A place where every interest and shade of opinion in the country can have its cause even passionately pleaded, in the face of the government and of all other interests and opinions, can compel them to listen, and either comply, or state clearly why they do not, is in itself, if it answered no other purpose, one of the most important political institutions that can exist anywhere, and one of the foremost benefits of free government.
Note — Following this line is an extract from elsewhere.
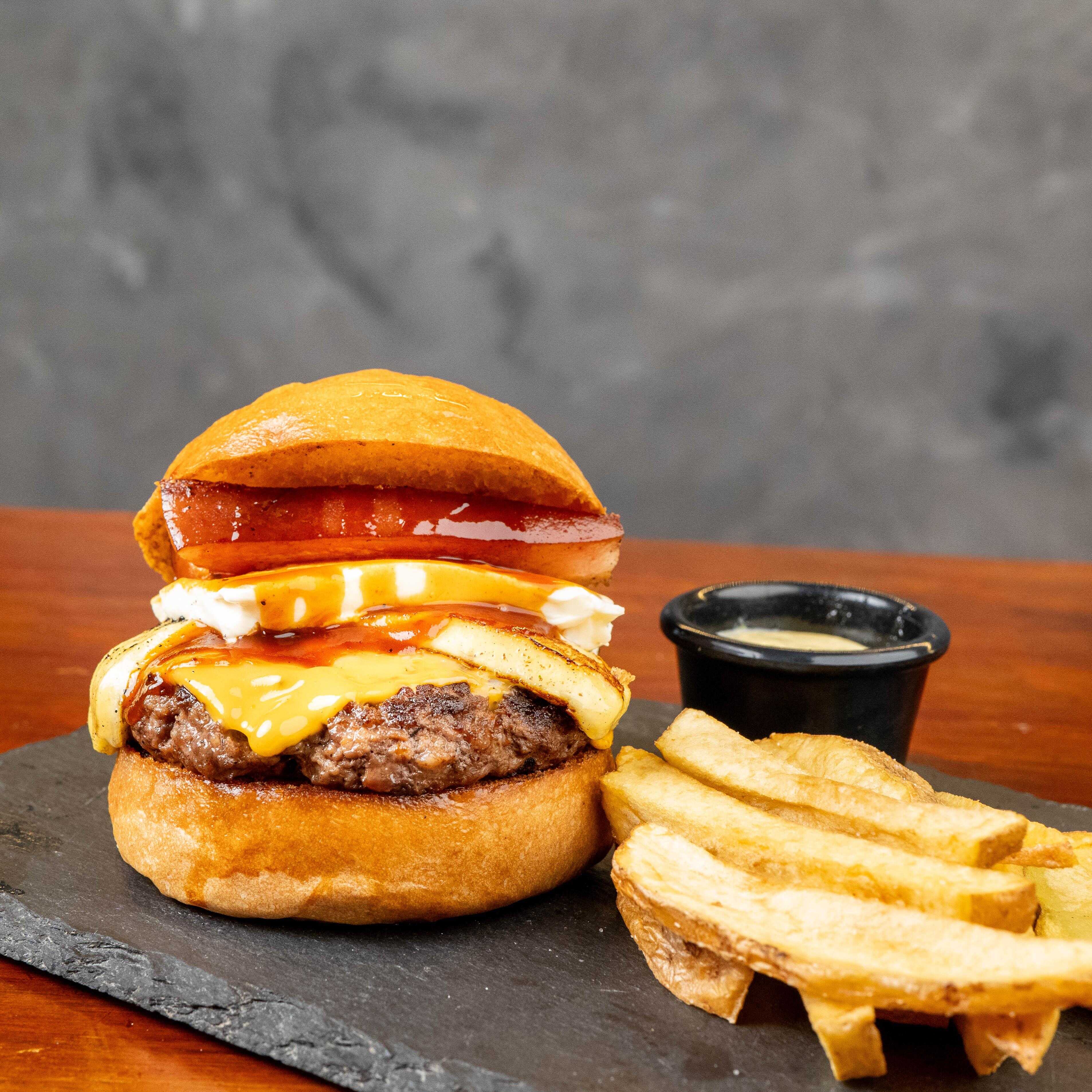 Pan artesanal tipo brioche de origen francés, 150 g de carne de la casa 100% res, panceta ahumada bañada en BBQ de tamarindo, queso papialpa asado, queso americano, queso philadelphia. Acompañada de papas a elección.

The theory of representative government reflected a picture of society as a “balance of forces.” The legislature, in this conception, was supposed to contain representatives of the various social divisions and all the class interests in the country, for, as Mill noted in appealing for the right of the working class to be represented in Parliament, “in the absence of its natural defenders, the interest of the excluded is always in danger of being overlooked.” Mill, in fact, was so intent on the idea of the representation of minorities that he gave enthusiastic endorsement to Thomas Hare’s proposal for proportional representation, “a scheme which has the almost unparalleled merit of carrying out a great principle of government in a manner approaching to ideal perfection as regards the special object in view....”14
This normative theory was refined by what might be called the “realist” school of political thought, from Arthur F. Bentley on (one should note, of course, that Bentley’s original formulations in 1908, ignored for many years, were restated three decades later by V. O. Key, David Truman, and Earl Latham), to describe the empirical nature of political reality. If a “group theory” was lacking in economics, it certainly made its appearance, in full flower, in American political thought in the twentieth century. V. O. Key put it most succinctly:
At bottom, group interests are the animating forces in the political process.... Whatever the bases of group interest may be, the study of politics must rest on an analysis of the objectives and composition of the interest groups within a society... The chief vehicles for the expression of group interest are political parties and pressure groups. Through these formal mechanisms groups of people with like interests make themselves felt in the balancing of political forces.15
And, in this conception, the role of the politician was to be a broker:
The problem of the politician or the statesman in a democracy is to maintain a working balance between the demands of competing interests and values.... Within limits ... special interests in a democracy are free to express their demands and their disagreements.... The politician in a democracy ... must be able to hold together enough of these special interests to retain power; he must yield here, stand firm there, delay at the next point, and again act vigorously in a confusing complex of competing forces and interests.... The politician ... must play the part of arbitrator and mediator, subject to the criticism of all. To avoid or mitigate conflict, he compromises.16
Whatever the truth of this “model” as a description of the “nineteenth century inheritance,”17 it is astonishingly out of date for an understanding of politics in the second half of the twentieth century, for it fails to take into account the three most decisive characteristics, or shaping elements, of national policy today: the influence of foreign policy, the “future-orientation” of society, and the increasing role of “technical” decision-making.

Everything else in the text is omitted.